Asked whether she and her husband spend time together alone, they glanced at each other and laughed. "There's no such thing as a weekend," Bobra said.

Still, Bobra is quick to point out how lucky she is to have a job and a family she loves. She is not one to complain.

Pioneers

Bobra and Grey were preceded by a generation of women cardiologists who faced similar, if more extreme, challenges in the traditionally macho field.

Dr. Susan Farkas, a cardiologist at MeritCare Heart Center in Fargo and mother of two, is decidedly no-nonsense about her career. The 53-year-old physician -- the lone female cardiologist in North Dakota -- trained in her native Hungary, entranced by the specialty of the heart. She had two children while still in medical school. "I always felt I could fit everything in my life, I never felt I would be overwhelmed or tired," she said. "I strapped on my kids, one on my back and the other in front."

Farkas didn't feel slighted by male colleagues. "I never felt that I needed to prove anything," she said. "I did very well in school, there was never any question that I couldn't do it, even with two kids."

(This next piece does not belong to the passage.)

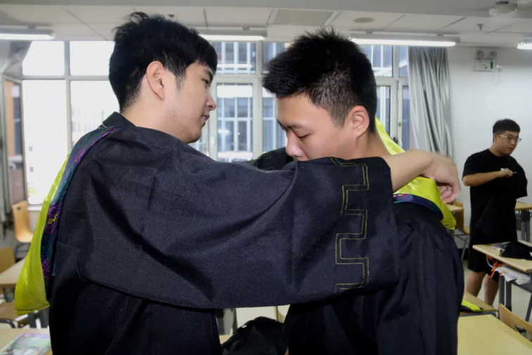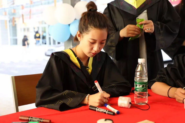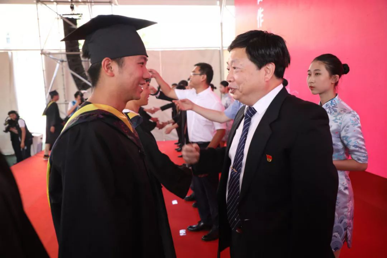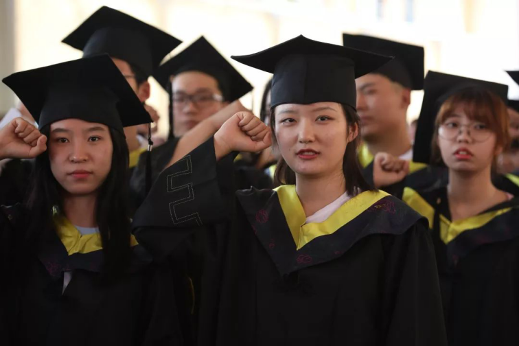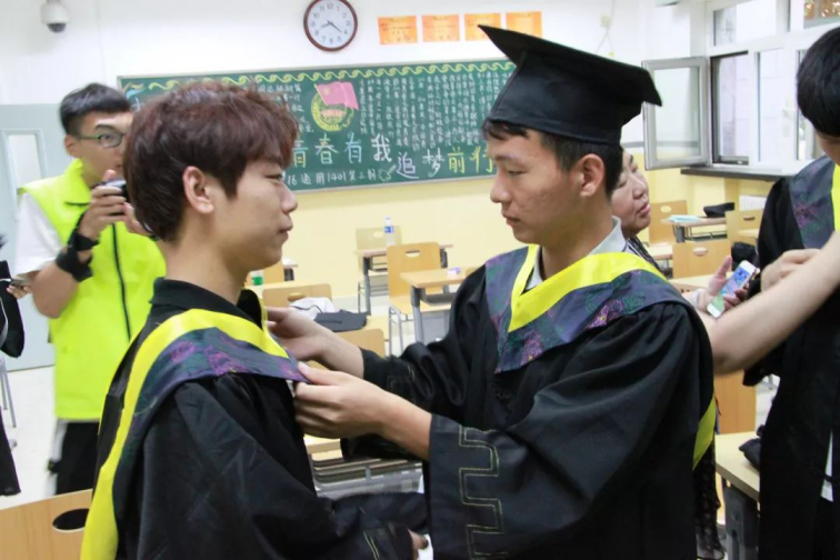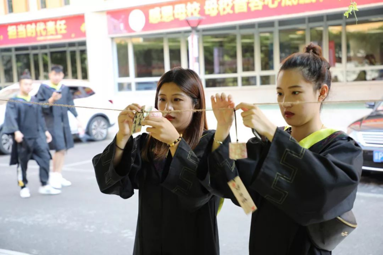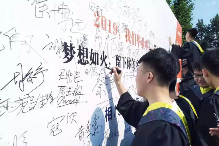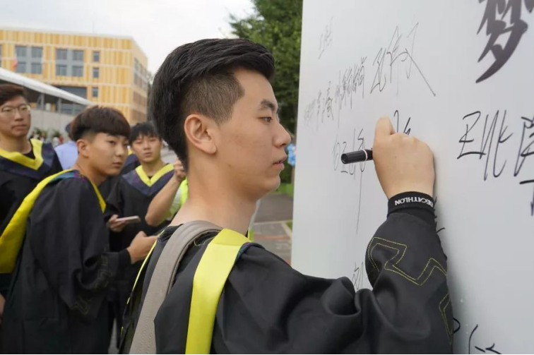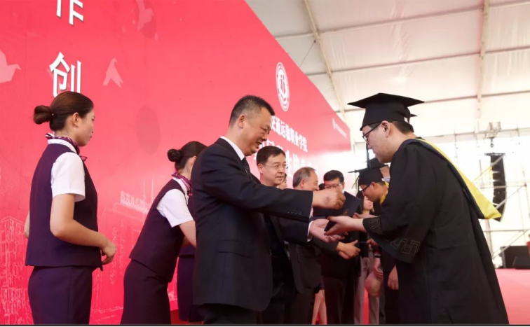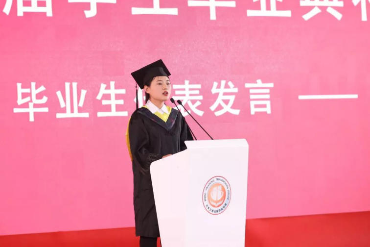 典礼现场,毕业生代表严贝贝,在校生代表朱可鑫,校友代表孙国栋分别从勤学、爱国、健康成长和爱岗敬业的角度谈人生感悟,用自己的故事告诉同学们要有爱国情怀,更要有报国之志,催人奋进,引人深思。

Farkas credits a supportive husband and her parents for pitching in, a common theme among her peers. Unlike many other women, she didn't feel guilty about her choices. "I learned to listen to my body and prioritize. Dirty laundry bothered me less than [it bothered] other people. I don't feel ashamed if I pick up some food rather than cook it. If I need help, I ask for it."

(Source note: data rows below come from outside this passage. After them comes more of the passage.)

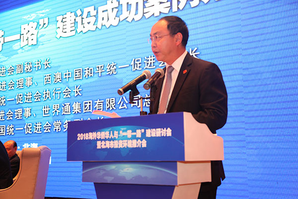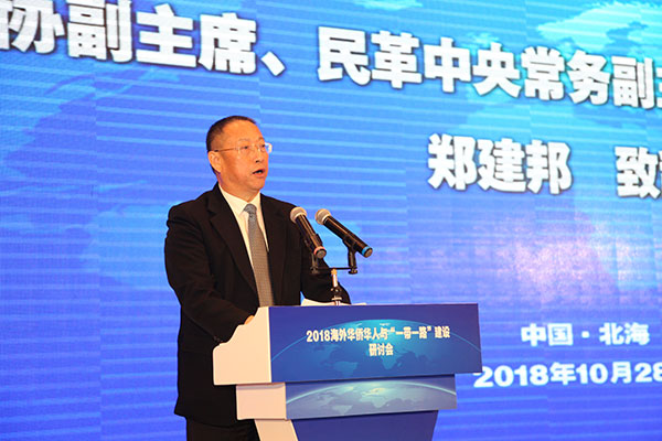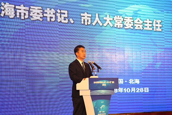 由中国和平统一促进会、中国人民政治协商会议广西壮族自治区委员会共同主办,北海市人民政府、中国中小商业企业协会承办,广西中国和平统一促进会、北京海上丝绸之路经济研究院协办的“2018海外华侨华人与‘一带一路’建设研讨会”于10月28日在广西北海举行。海外统促会组织代表、国内企业家和专家学者等300余人齐聚一堂,聚焦“一带一路”倡议,共商融入“一带一路”、助推南向通道建设大计。
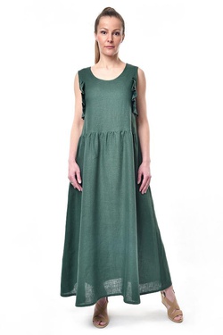 <p><p>Сарафан льняной женский #006 свободного силуэта, отрезной, линия талии завышена на 2 см. Верх платья свободный, спинка выполнена со средним швом, нижняя часть присборена по линии членения. Горловина и пройма обработана окантовкой, нижняя часть проймы украшена декоративной рюшей из основной ткани, заложенной в бантовые складки. Сарафан льняной женский #004 изготавливается из 100%-й льняной ткани.</p><p>
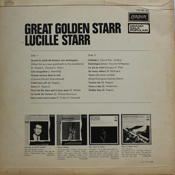 € 5.00 Media: Very Good (VG)Hoes: Very Good (VG)Lucille Starr – Great Golden Starr (LP, Album, Mono)
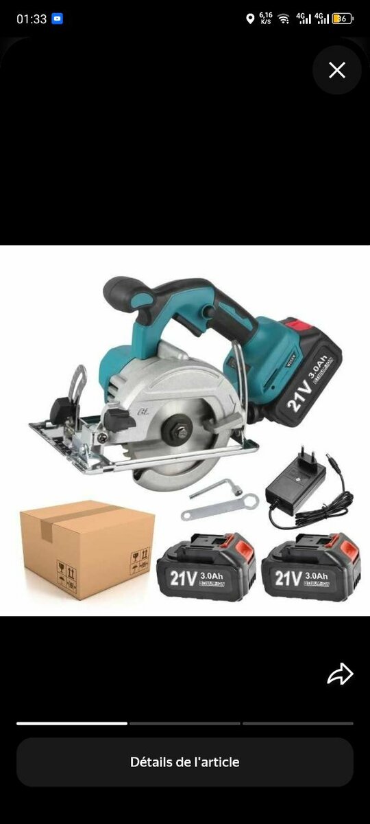 Découvrez notre scie circulaire sans fil 21V, parfaite pour vos projets de bricolage. Elle est livrée avec deux batteries rechargeables et un chargeur, garantissant une utilisation pratique et continue. Idéale pour couper du bois avec précision, elle est un outil indispensable pour les amateurs comme pour les professionnels. Commandez maintenant pour une expérience de découpe sans tracas!

Other women in the specialty decided that doing both was too difficult. Dr. Sharonne Hayes, director of the Women's Heart Clinic at the Mayo Clinic in Rochester, decided early in her career to work part time, knowing cardiology full time "wasn't conducive to family life," especially since her husband is a busy cardiologist, too. "A full-time cardiologist does not work 40 hours a week," she said. "It's more like 60- to 80-hours."

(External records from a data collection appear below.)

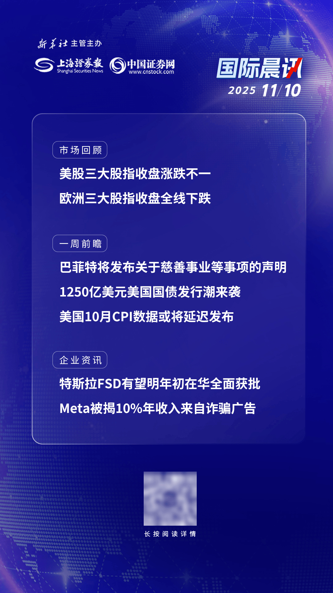 美国单日航班取消超两千,白宫顾问说“停摆”或致负增长;巴菲特将发布关于慈善事业等事项的声明;1250亿美元美国国债发行潮来袭;美国10月CPI数据或将延迟发布;特斯拉FSD有望明年初在华全面获批;Meta被揭10%年收入来自诈骗广告。
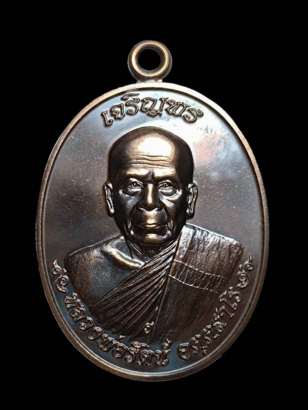 หลวงพ่อรัตน์ วัดป่าหวาย เหรียญเจริญพรบน ครึ่งองค์ เนื้อนวะโลหะ หมายเลข 53 ปี พ.ศ.2562 สวย กล่องเดิม |
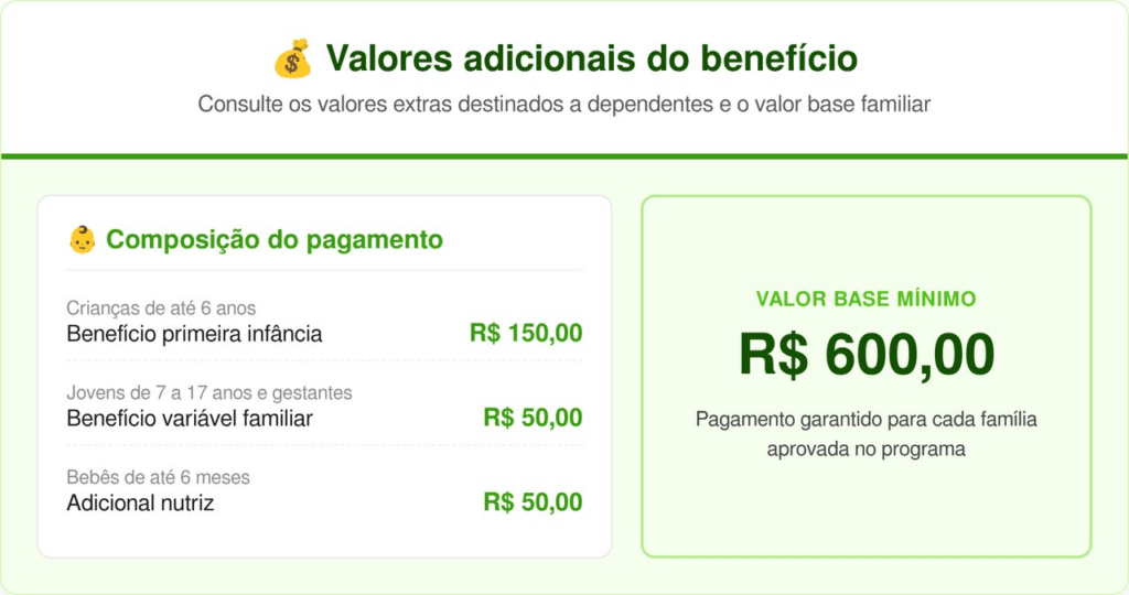 O valor extra de R$ 150 é destinado especificamente às famílias que possuem crianças de 0 a 6 anos incompletos. Este montante, chamado de Benefício Primeira Infância, visa garantir segurança alimentar e suporte no desenvolvimento infantil durante a fase mais crítica do crescimento.
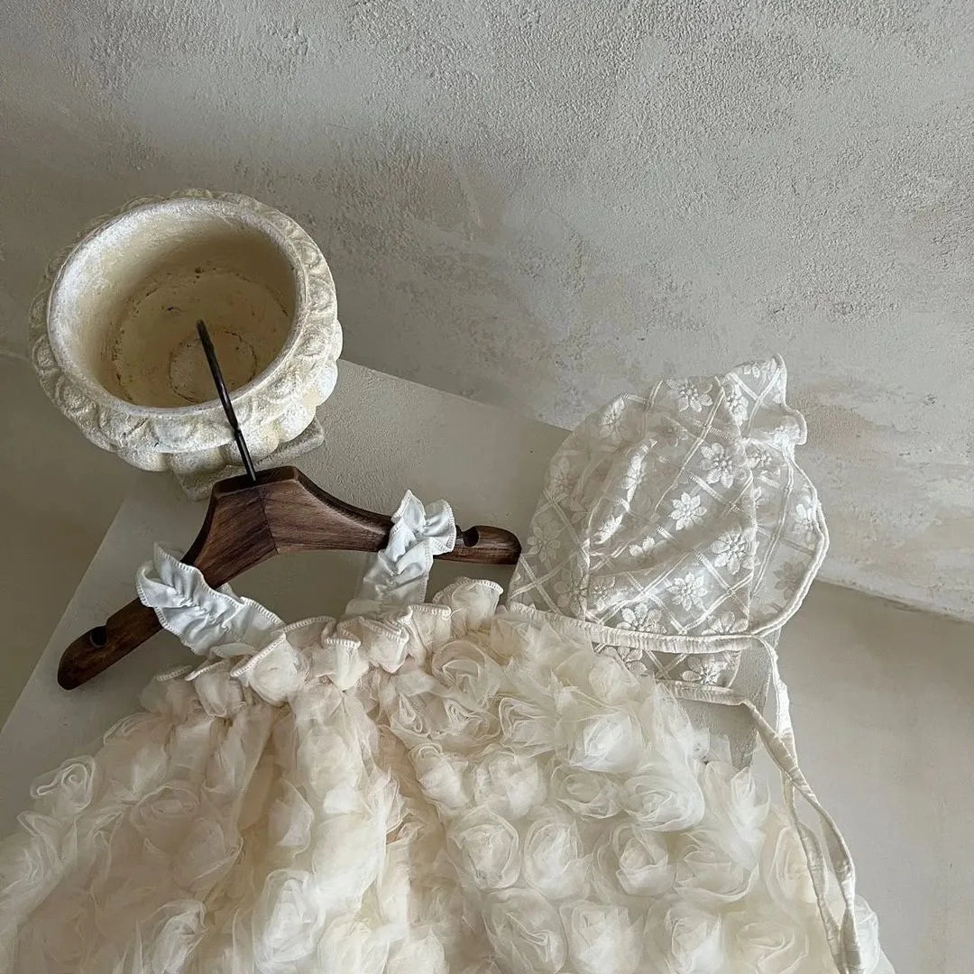 Summer Toddler Baby Girl Fashion Dimensional Yarn Flower Sling Ball Gown Dress - Sweet Temperament Princess Dresses
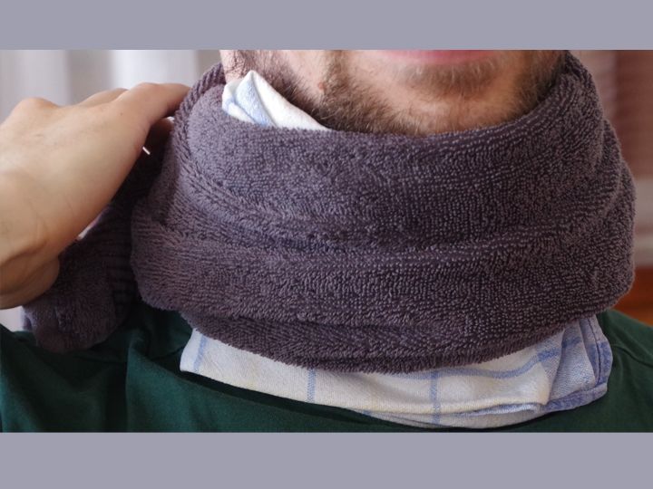 - Lege ein trockenes Hand-Tuch auf den Hals.

Now a nationally known spokesperson on women's heart health, Hayes, 49, had her daughter while she was still in training, and her son five years later. She thought the decision to work part time could affect her career advancement, but that hasn't proven to be the case -- she's spent the bulk of her career at Mayo.

"Every mother who goes off to work and leaves her children is conflicted," Hayes added. "I feel fortunate that I'm doing something that's meaningful to me, and I hope it helps other people. So in some ways, that makes it easier."

Despite the challenges, Hayes says she encourages young women to pursue cardiology as a career. Often, they ask about her research. Others ask about the prevalence of heart disease among women. But the most pressing questions are: "When did you have kids?" And, "How did you make it work?"

While growing up in New York, Bobra never contemplated how her cardiologist mother found balance in her life. Mainly she was struck, even at a young age, by her mom's enthusiasm for her job. It was infectious.